Provided data:
^^^^

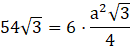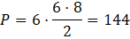 Pole podstawy tego ostrosłupa należy przyrównać do pola 6 trójkątów równobocznych. Otrzymane równanie należy przekształcić do otrzymania długości krawędzi podstawy. Pole powierzchni bocznej tego ostrosłupa składa się z 6 trójkątów o podstawie 6 i wysokości 8.
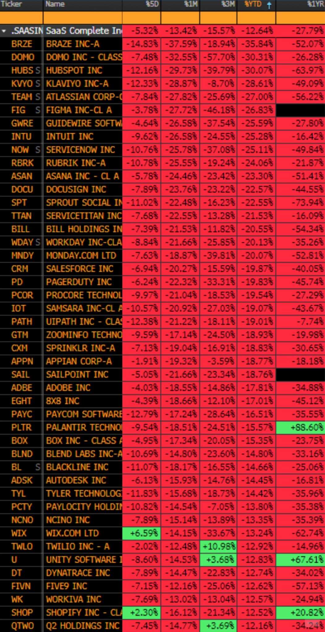 La sangría está siendo espectacular. Sirva como ejemplo la siguiente imagen, que muestra la variación en las cotizaciones de 2026 de algunos de los nombres más reconocidos del sector de Software as a Service, como HubSpot (-30%), Figma (-27%), ServiceNow (-25%) o Salesforce (-20%).
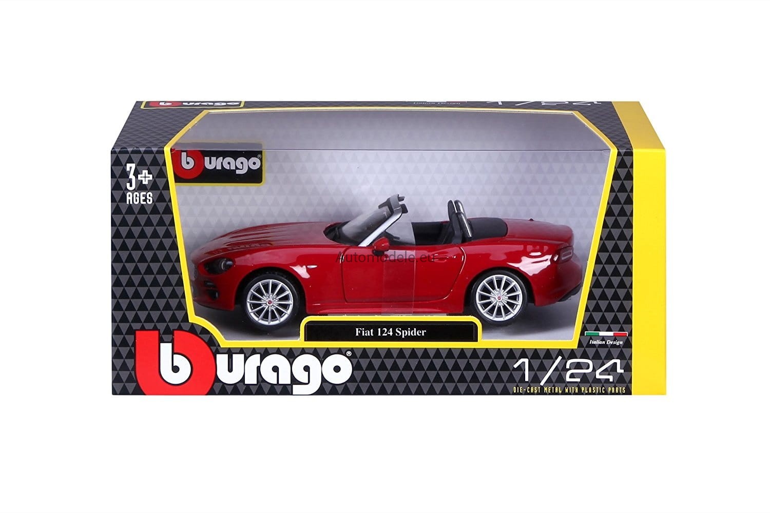Model samochodu Fiat 124 Spider w skali 1:24 od Bburago. Numer katalogowy: 21083R
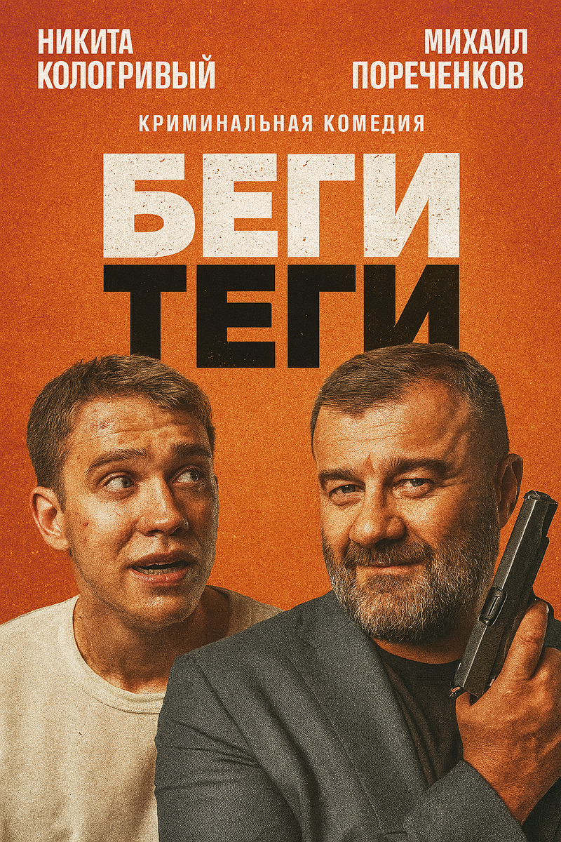 «Беги» — новая российская криминальная комедия режиссёра и сценариста Романа Артемьева, премьера которой в кинотеатрах запланирована на 14 августа 2025 года. Фильм объединяет в главных ролях двух ярких актёров — Никиту Кологривого и Михаила Пореченкова, а также обещает зрителям смесь остросюжетного экшена и фирменного отечественного юмора2. Главный герой — Саша (Никита Кологривый), вор-домушник, который привык действовать по накатанной схеме. Но в один из «рабочих» дней он совершает роковую ошибку: залезает не в тот дом и становится свидетелем убийства. Хозяин квартиры — Чернов (Михаил Пореченков), хладнокровный киллер, у которого и без того хватает забот. С этого момента начинается безумная игра в кошки-мышки: Фильм балансирует между криминальным триллером и комедией положений. Здесь есть: Помимо Кологривого и Пореченкова, в фильме снимаются:
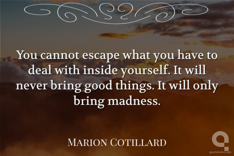 You cannot escape what you have to deal with inside yourself. It will never bring good things. It will only bring madness.
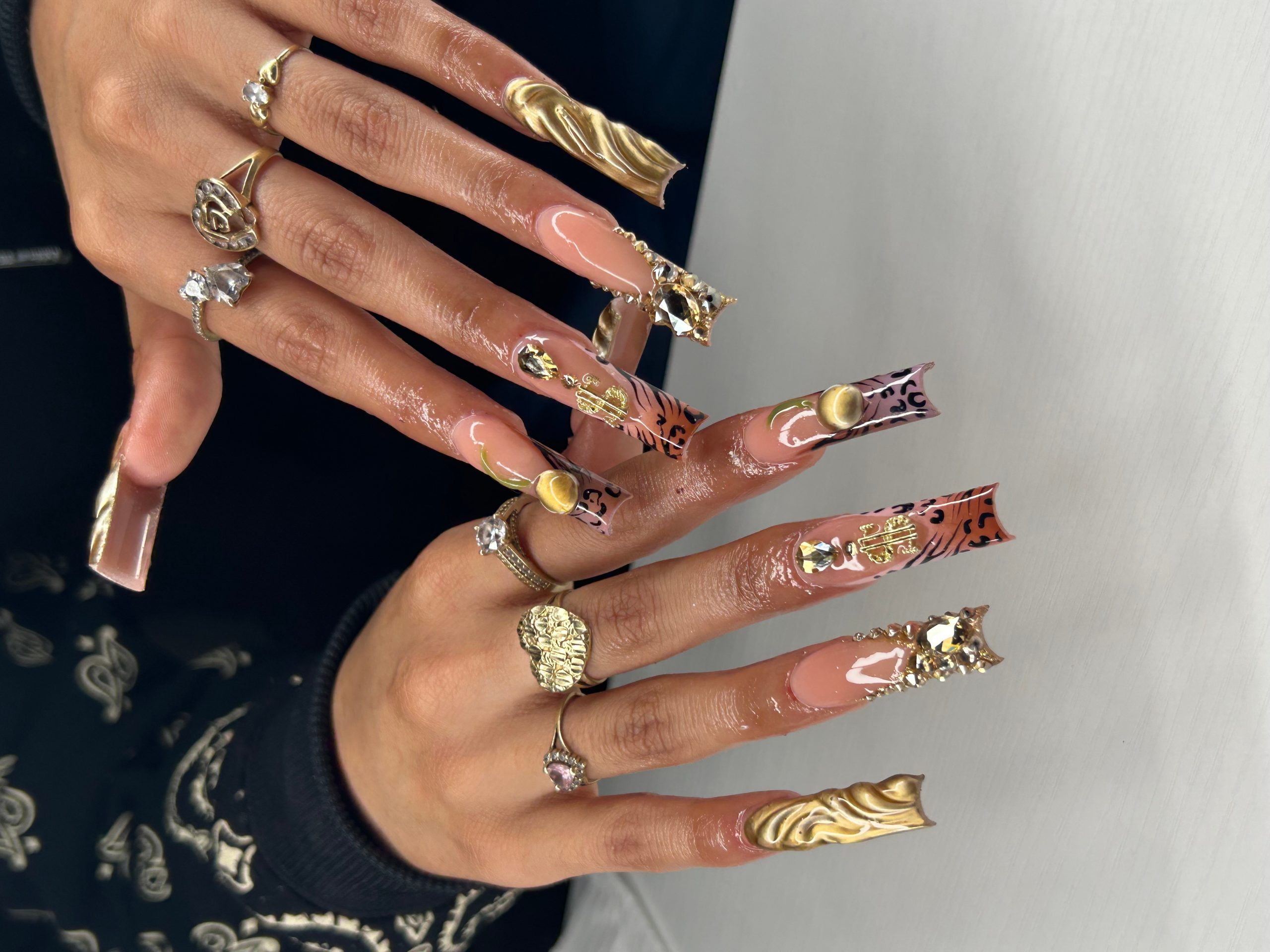 There was no thought process, I was a high school drop out at 16, I knew if I left school I didn’t wanna be a bum at home so I got myself a job working security. I remember I lied about my age & told them I was 19, they didn’t ask for my ID, social, birth certificate they just said you’ll do 12 hours everyday and get paid 20$ an hour under the table, I was at the job for 6 months until my boss caught me sleeping than fired me, I remember going home that same day not knowing what was the next move, I was a drop out & now jobless. I knew I could make money with nails, so I went to facebook and posted an ad about my nails, it was just a hustle something to put money in my pocket, that ad was up for two days, within those two days I was booked out for 3 months. It was a hustle at first.

^^^^

Exercise objective:
Print the records word for word and exclude any picture they hold.

Solved problem:
 Pole podstawy tego ostrosłupa należy przyrównać do pola 6 trójkątów równobocznych. Otrzymane równanie należy przekształcić do otrzymania długości krawędzi podstawy. Pole powierzchni bocznej tego ostrosłupa składa się z 6 trójkątów o podstawie 6 i wysokości 8.
 La sangría está siendo espectacular. Sirva como ejemplo la siguiente imagen, que muestra la variación en las cotizaciones de 2026 de algunos de los nombres más reconocidos del sector de Software as a Service, como HubSpot (-30%), Figma (-27%), ServiceNow (-25%) o Salesforce (-20%).
Model samochodu Fiat 124 Spider w skali 1:24 od Bburago. Numer katalogowy: 21083R
 «Беги» — новая российская криминальная комедия режиссёра и сценариста Романа Артемьева, премьера которой в кинотеатрах запланирована на 14 августа 2025 года. Фильм объединяет в главных ролях двух ярких актёров — Никиту Кологривого и Михаила Пореченкова, а также обещает зрителям смесь остросюжетного экшена и фирменного отечественного юмора2. Главный герой — Саша (Никита Кологривый), вор-домушник, который привык действовать по накатанной схеме. Но в один из «рабочих» дней он совершает роковую ошибку: залезает не в тот дом и становится свидетелем убийства. Хозяин квартиры — Чернов (Михаил Пореченков), хладнокровный киллер, у которого и без того хватает забот. С этого момента начинается безумная игра в кошки-мышки: Фильм балансирует между криминальным триллером и комедией положений. Здесь есть: Помимо Кологривого и Пореченкова, в фильме снимаются:
 You cannot escape what you have to deal with inside yourself. It will never bring good things. It will only bring madness.
 There was no thought process, I was a high school drop out at 16, I knew if I left school I didn’t wanna be a bum at home so I got myself a job working security. I remember I lied about my age & told them I was 19, they didn’t ask for my ID, social, birth certificate they just said you’ll do 12 hours everyday and get paid 20$ an hour under the table, I was at the job for 6 months until my boss caught me sleeping than fired me, I remember going home that same day not knowing what was the next move, I was a drop out & now jobless. I knew I could make money with nails, so I went to facebook and posted an ad about my nails, it was just a hustle something to put money in my pocket, that ad was up for two days, within those two days I was booked out for 3 months. It was a hustle at first.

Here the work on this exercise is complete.